Sheryl Kara Sandberg is an American business woman who, as of August 2013, is the chief operating officer of Facebook. In June 2012, she was also nominated to the board of directors by the standing board members, becoming the first woman to work on Facebook’s board. Previously Facebook, Sandberg was Vice President of Global Online Sales and Operations at Google, and was convoluted in hurling Google’s humanitarian arm Google.org. In the past Google, Sheryl Sandberg served as chief of staff for the United States Secretary of the Treasury. In 2012 she was named in the Time 100, an annual list of the 100 most powerful people in the world regarding to Time magazine. As of August 2013, Sandberg is informed to be worth US$400 million.
Sheryl Sandberg was born in 1969, in Washington, D.C., in a Jewish family, the daughter of Adele (née Einhorn) and Joel Sandberg, and the eldest of three siblings. Her father is an ophthalmologist, and her mother has a PhD and operated as a French teacher earlier concentrating on hovering her children. Her family moved to North Miami Beach, Florida, when she was two years old. She joined public school, where she was “always at the top of her class.” Sheryl Sandberg taught aerobics in the 1980s while in high school.
In 1987, Sheryl Sandberg joined at Harvard College and graduated in 1991 summa cum laude with an A.B. in economics and was endowed the John H. Williams Prize for the top graduating student in economics. Whereas at Harvard, Sheryl Sandberg met then-professor Larry Summers who became her mentor and thesis adviser. Summers conscripted her to be his investigation subordinate at the World Bank, where she operated for approximately one year on health projects in India dealing with leprosy, AIDS, and blindness.
In 1993, she registered at Harvard Business School and in 1995 she earned her M.B.A. with highest distinction.
Later graduating from business school in the spring of 1995, Sheryl Sandberg worked as a management consultant for McKinsey & Company for approximately one year (1995-96.). From 1996 to 2001, Sandberg served as Chief of Staff to the United States Secretary of the Treasury Larry Summers under President Bill Clinton where she assisted lead the Treasury’s work on forbearing debt in the developing world during the Asian financial crisis. She joined Google Inc. in 2001 and served as its Vice President of Global Online Sales & Operations, from November 2001 to March 2008. Sheryl Sandberg was accountable for online sales of Google’s advertising & publishing products and also for sales operations of Google’s consumer products & Google Book Search.

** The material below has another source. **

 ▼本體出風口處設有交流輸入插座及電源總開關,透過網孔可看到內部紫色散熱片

In late 2007, Mark Zuckerberg, co-founder and chief executive of Facebook, met Sandberg at a Christmas party held by Dan Rosensweig; at the time, she was bearing in mind becoming a senior executive for The Washington Post Company. Zuckerberg had no formal search for a COO, but thought of Sheryl Sandberg as “a perfect fit” for this role. They spent more time organised in January 2008 at the World Economic Forum in Davos, Switzerland, and in March 2008, Facebook broadcasted hiring Sheryl Sandberg away from Google.
Later joining the company, Sandberg rapidly began trying to figure out how to create Facebook profitable. Before she joined, the company was “primarily interested in building a really cool site; profits, they supposed, would follow.” By late spring, Facebook’s leadership had agreed to rely on advertising, “with the ads discreetly presented”; by 2010, Facebook became lucrative. Regarding to Facebook, Sheryl Sandberg superintends the firm’s business operations including sales, marketing, business development, human resources, public policy and communications.

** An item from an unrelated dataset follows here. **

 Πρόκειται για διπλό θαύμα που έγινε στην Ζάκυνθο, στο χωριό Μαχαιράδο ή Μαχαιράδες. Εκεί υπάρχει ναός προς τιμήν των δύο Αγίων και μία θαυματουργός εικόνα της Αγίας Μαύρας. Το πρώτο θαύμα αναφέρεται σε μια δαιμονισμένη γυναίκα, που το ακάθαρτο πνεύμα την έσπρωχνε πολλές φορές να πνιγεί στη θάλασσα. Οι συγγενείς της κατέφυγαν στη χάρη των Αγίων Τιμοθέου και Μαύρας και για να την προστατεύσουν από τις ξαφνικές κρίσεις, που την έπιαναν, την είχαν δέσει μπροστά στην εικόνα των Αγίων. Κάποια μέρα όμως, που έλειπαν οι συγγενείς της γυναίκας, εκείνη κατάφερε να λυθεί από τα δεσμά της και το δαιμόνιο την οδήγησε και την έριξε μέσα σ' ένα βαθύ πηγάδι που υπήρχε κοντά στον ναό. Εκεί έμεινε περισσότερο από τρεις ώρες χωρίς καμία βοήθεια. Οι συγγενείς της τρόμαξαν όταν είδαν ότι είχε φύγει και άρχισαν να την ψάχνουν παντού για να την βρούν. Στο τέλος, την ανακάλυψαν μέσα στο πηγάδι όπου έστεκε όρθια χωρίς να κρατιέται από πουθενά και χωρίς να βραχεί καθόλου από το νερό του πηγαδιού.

Sheryl Sandberg‘s executive reimbursement for FY 2011 was $300,000 base salary plus $30,491,613 in FB shares. Regarding to her Form 3, she also owns 38,122,000 stock options and circumscribed stock units (worth approx. $1.45 billion as of mid-May 2012) that will be absolutely bestowed by May 2022, subject to her sustained occupation through the conferring date.
In 2012 she became the eighth member (and the first female member) of Facebook’s board of directors.

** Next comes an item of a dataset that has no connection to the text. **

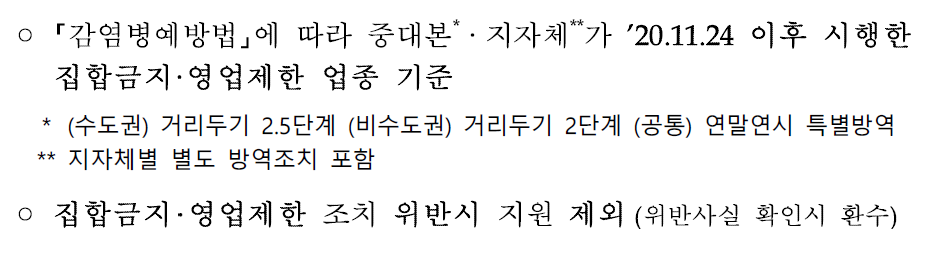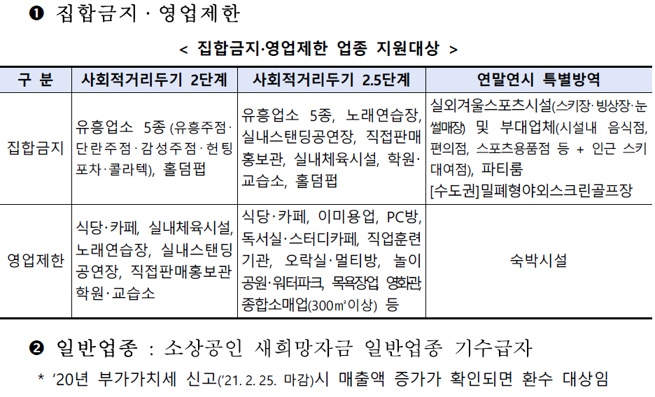 ② 집합금지 / 영업제한 : 중앙재난안전대책본부/지방자치단체의 방역강화로 집합금지 or 영업제한된 소상공인에 각각 300만원, 200만원

In October 2012, Business Insider described that stock units (approximately. 34 million) bestowed in Sheryl Sandberg‘s name accounted for nearly US$790,000,000. Facebook withheld approximately 15 million of those stocks for tax reasons, leaving Sheryl Sandberg with nearly US$417,000,000. The media described on August 12, 2013 that Sandberg sold 2.4m shares in the company worth US$91 million (£51 million)—5 percent of her total stake in the company.